24.04.2017 | 15:49 Uhr |

Das Plus an Sicherheit durch die Zwei-Faktor-Authentifizierung sorgte bei Lastpass für ein neues Risiko.

Normalerweise sorgt die Zwei-Faktor-Authentifizierung für mehr Sicherheit, da das Anmelden bei einem Online-Dienst nur mit zwei voneinander unabhängigen Komponenten möglich ist. Ausgerechnet die Entwickler des Passwortmanagers Lastpass haben offenbar bei der Integration dieser Funktion gepatzt.

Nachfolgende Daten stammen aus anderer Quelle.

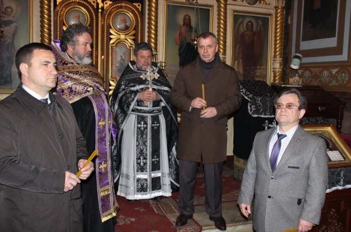 Вместе с главой крымского парламента в богослужении приняли участие глава муниципального образования городской округ Ялта, председатель Ялтинского городского совета Валерий Косарев и глава администрации Ялты Андрей Ростенко, депутат Госсовета РК Валерий Коваленко. Приветствуя гостей, отец Адам напомнил, что великий князь Александр Невский – образец воина, православного человека для руководителей страны, Республики и всех нас. Отец Адам вручил на память Владимиру Константинову икону с изображением князя, а также книги о великих святых России и о храмах Большой Ялты. «Пусть господь помогает вам во всех добрых начинаниях», - пожелал он главе крымского парламента. Со своей стороны Председатель Госсовета выразил уверенность, что все планы крымчан обязательно сбудутся. «Мы сделали благое дело – вернули Крым России, сами выбрали свою собственную судьбу», - сказал он, подчеркнув, что сделать это удалось быстро и решительно. По словам Константинова, это позволило избавить наш полуостров от гражданской войны, от разрушения и неминуемого зла, которое сегодня охватило Украину. «Я думаю, что и там народ переболеет и вернется к нашему истинному православию, в родной дом, русский мир», - добавил он и поздравил прихожан с наступающим праздником Пасхи, пожелав им здоровья и счастья. Источник:Новости Крыма |

Der Sicherheitsforscher Martin Vigo kritisiert, dass die Lastpass-Entwickler bei der Einrichtung der Zwei-Faktor-Authentifizierung auf einen QR-Code setzen, der auf Basis des Passwort-Hashes entsteht und diesen als Bestandteil der URL verwendet. Über Cross-Site Request Forgery (CSRF) gelang es dem Forscher, einen gültigen Code für die Zwei-Faktor-Authentifizierung zu erstellen. Sogar eine Deaktivierung der Schutzfunktion ließ sich bewerkstelligen. Die Macher von Lastpass haben bereits reagiert und die Schwachstelle geschlossen. Der QR-Code basiert nun auch nicht mehr auf einem Passwort-Hash. Ein Update der Software ist nicht nötig, die Änderung übernimmt der Server des Unternehmens.